The pace was brutal, as the sound of flesh slapping against each other filled the air, he ripped the front of your dress further exposing your chest to him, as your fingers tangled through his silver locked tugging into him harshly, trying to pull him closer, as if he could be any closer to you.
You felt so full. Your eyes practically rolling back into your head as he fucked you sensless. His hands everywhere as his mouth moved across your chest leaving marks in their wake, painting your skin with him.
“I am going to fill you with my fucking babe and then no one will forget who you belong to.” You clenched around him at his words, causing him to grunt his brutal pace only intensifying, his balls slapping against your ass that hung partially off the wood, felt heavy as his release was starting to crawl up his chest.
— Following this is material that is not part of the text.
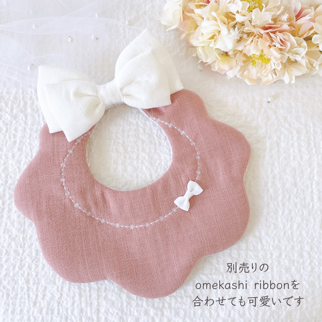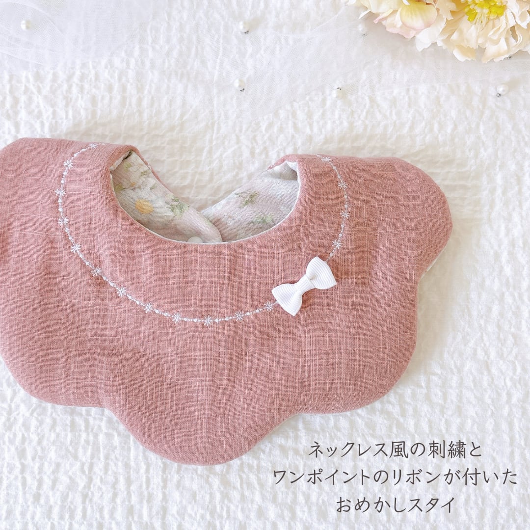 ネックレススタイ|スモーキーピンク|チェーン刺繍のおめかしスタイ|フォーマル・お出かけに|出産祝い

“Please. Please, husband! Give me your seed,” you cried, your head tilting back as his hand snaked in between you giving your swollen clit the attention it begged for. The coil in your belly snapping caused you to flutter around him, crying out his name, as your nails raked down across any skin you could find.
He followed soon after, buried to the hilt as he painted your walls with him, he groaned your name as the glorious feeling of release filled his bone, as his head moved resting on your shoulder, as your ragged breaths filled the air.
“I am yours and only yours,” you promised, as you could now finally form a thought.
Maekar lifted his head pressing his lips to yours, it was gentle, softer than what had just occurred moments ago. “As I am yours,” he whispered, his voice so low it almost got lost in the wind. A smile crossed his lips as he remembered your words from earlier, your heart only beat for him and not some young reach Lord cunt.